Provided data:
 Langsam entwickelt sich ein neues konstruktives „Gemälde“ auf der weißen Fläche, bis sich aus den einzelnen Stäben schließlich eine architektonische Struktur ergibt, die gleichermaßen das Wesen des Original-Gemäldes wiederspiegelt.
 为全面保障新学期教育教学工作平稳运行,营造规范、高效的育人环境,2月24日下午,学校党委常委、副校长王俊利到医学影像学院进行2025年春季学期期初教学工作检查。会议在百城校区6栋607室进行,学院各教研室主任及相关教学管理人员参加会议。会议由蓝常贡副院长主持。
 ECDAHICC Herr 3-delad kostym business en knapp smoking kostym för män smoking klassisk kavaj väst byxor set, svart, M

==

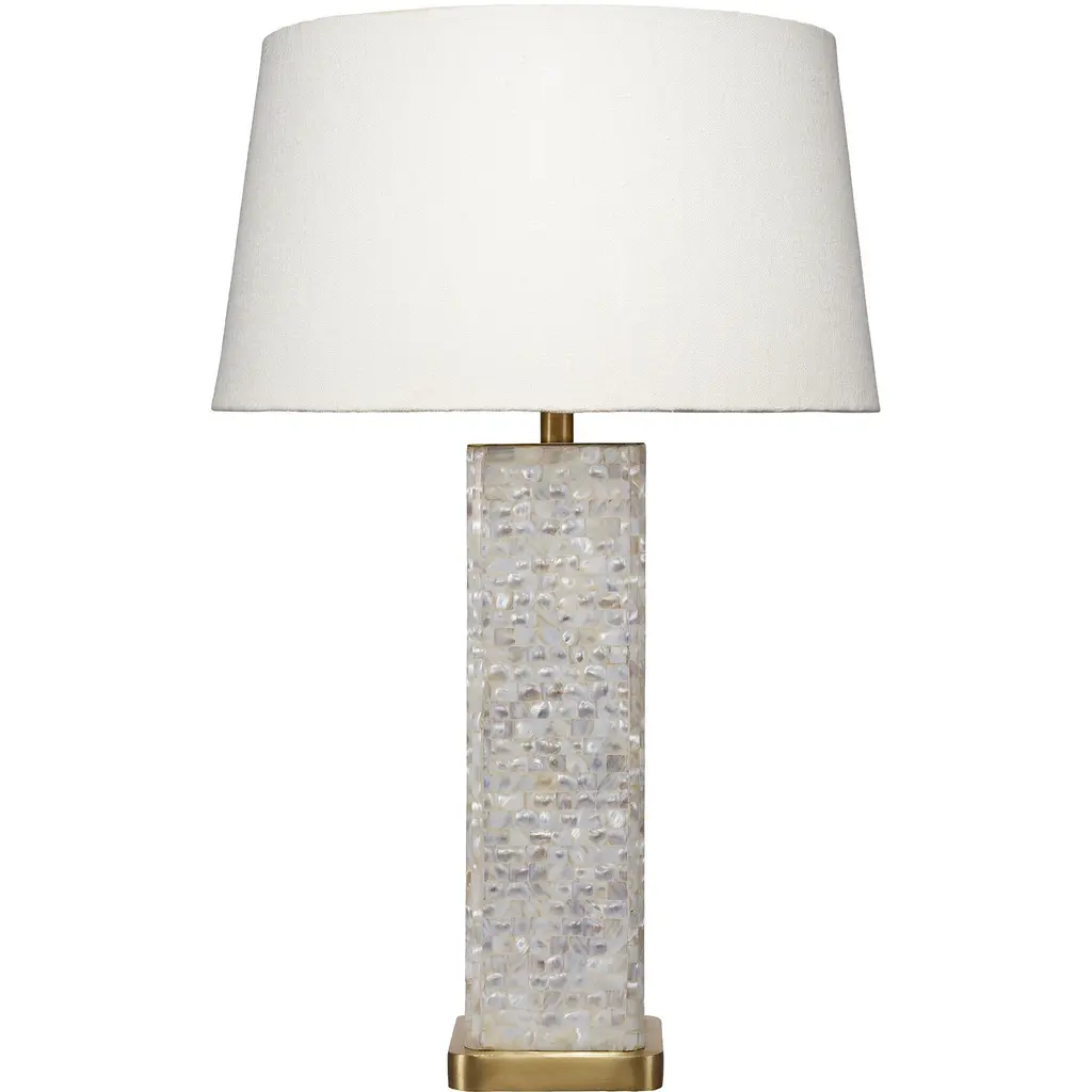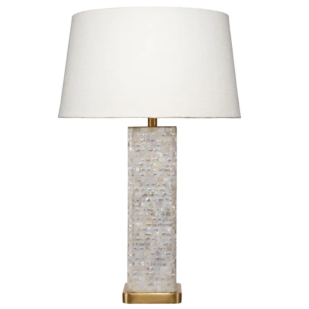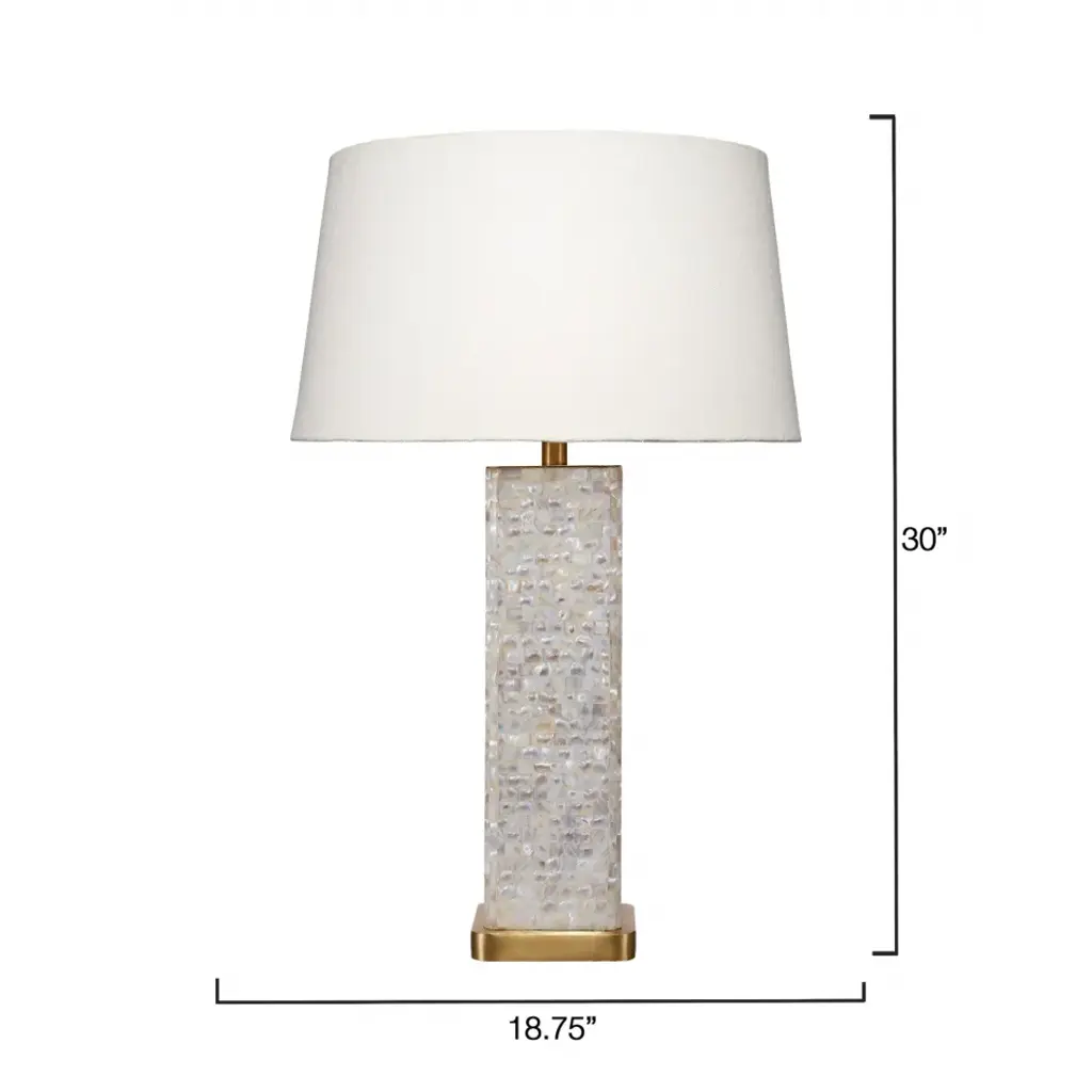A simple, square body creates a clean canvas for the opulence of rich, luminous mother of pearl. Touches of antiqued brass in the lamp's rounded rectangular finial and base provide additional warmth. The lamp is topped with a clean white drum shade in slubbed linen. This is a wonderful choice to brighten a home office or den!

Task: In the records above, find the line with "Langsam entwickelt sich"; write out exactly that line and each one after it, stopping after the line with "ECDAHICC Herr 3-delad".

Written solution:
 Langsam entwickelt sich ein neues konstruktives „Gemälde“ auf der weißen Fläche, bis sich aus den einzelnen Stäben schließlich eine architektonische Struktur ergibt, die gleichermaßen das Wesen des Original-Gemäldes wiederspiegelt.
 为全面保障新学期教育教学工作平稳运行,营造规范、高效的育人环境,2月24日下午,学校党委常委、副校长王俊利到医学影像学院进行2025年春季学期期初教学工作检查。会议在百城校区6栋607室进行,学院各教研室主任及相关教学管理人员参加会议。会议由蓝常贡副院长主持。
 ECDAHICC Herr 3-delad kostym business en knapp smoking kostym för män smoking klassisk kavaj väst byxor set, svart, M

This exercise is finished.